**Your assignment:** Set down exactly the lines that run from the one containing "允织睡衣女冬季三层加厚加绒梭织纯棉夹棉袄秋冬款珊瑚绒高级感家居服 68020-浅褐 M" to the end of the material below, both included, without pictures.

-- Data extract follows --

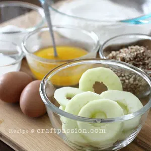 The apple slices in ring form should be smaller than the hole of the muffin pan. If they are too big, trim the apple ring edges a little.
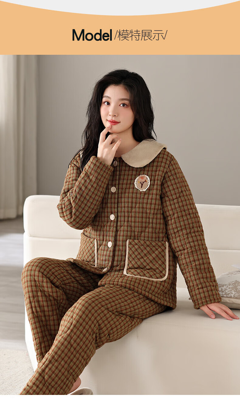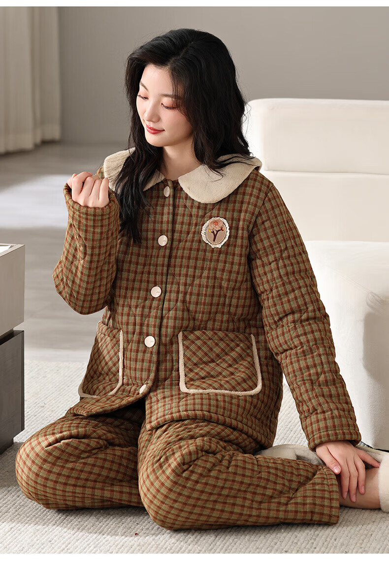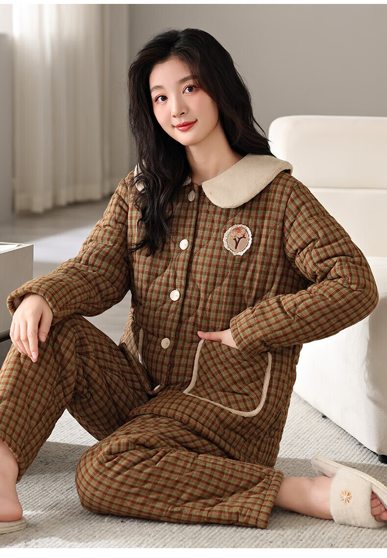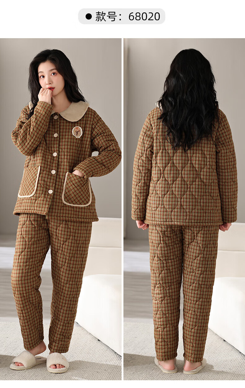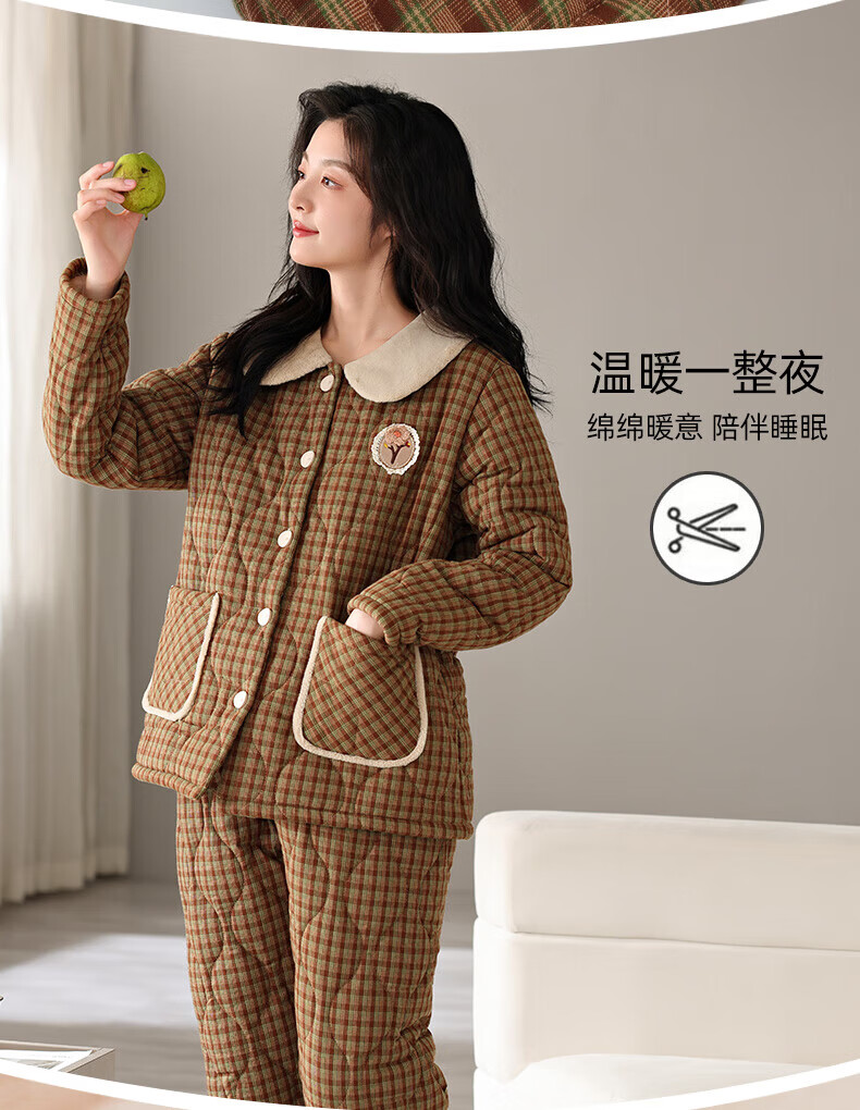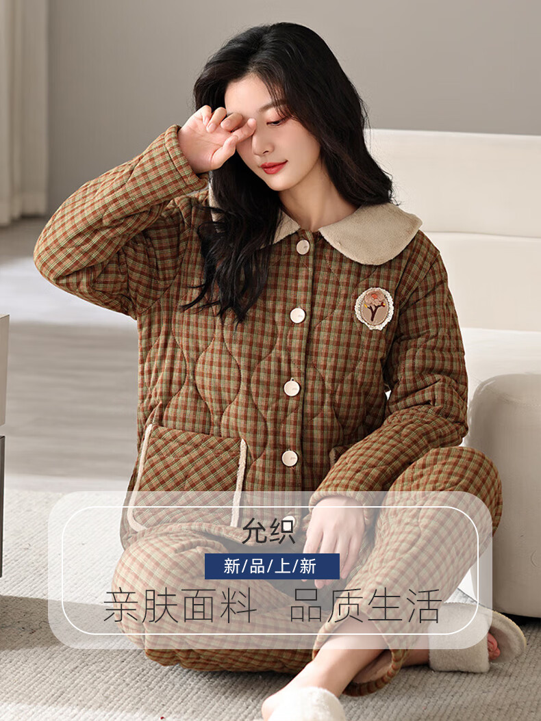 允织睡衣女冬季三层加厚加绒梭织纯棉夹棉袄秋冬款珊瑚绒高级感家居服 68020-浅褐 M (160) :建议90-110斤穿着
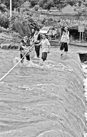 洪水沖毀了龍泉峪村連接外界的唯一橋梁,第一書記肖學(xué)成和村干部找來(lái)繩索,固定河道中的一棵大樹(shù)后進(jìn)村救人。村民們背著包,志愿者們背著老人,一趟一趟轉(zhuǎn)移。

-- Data extract concluded --

**Solution to this exercise:**
 允织睡衣女冬季三层加厚加绒梭织纯棉夹棉袄秋冬款珊瑚绒高级感家居服 68020-浅褐 M (160) :建议90-110斤穿着
 洪水沖毀了龍泉峪村連接外界的唯一橋梁,第一書記肖學(xué)成和村干部找來(lái)繩索,固定河道中的一棵大樹(shù)后進(jìn)村救人。村民們背著包,志愿者們背著老人,一趟一趟轉(zhuǎn)移。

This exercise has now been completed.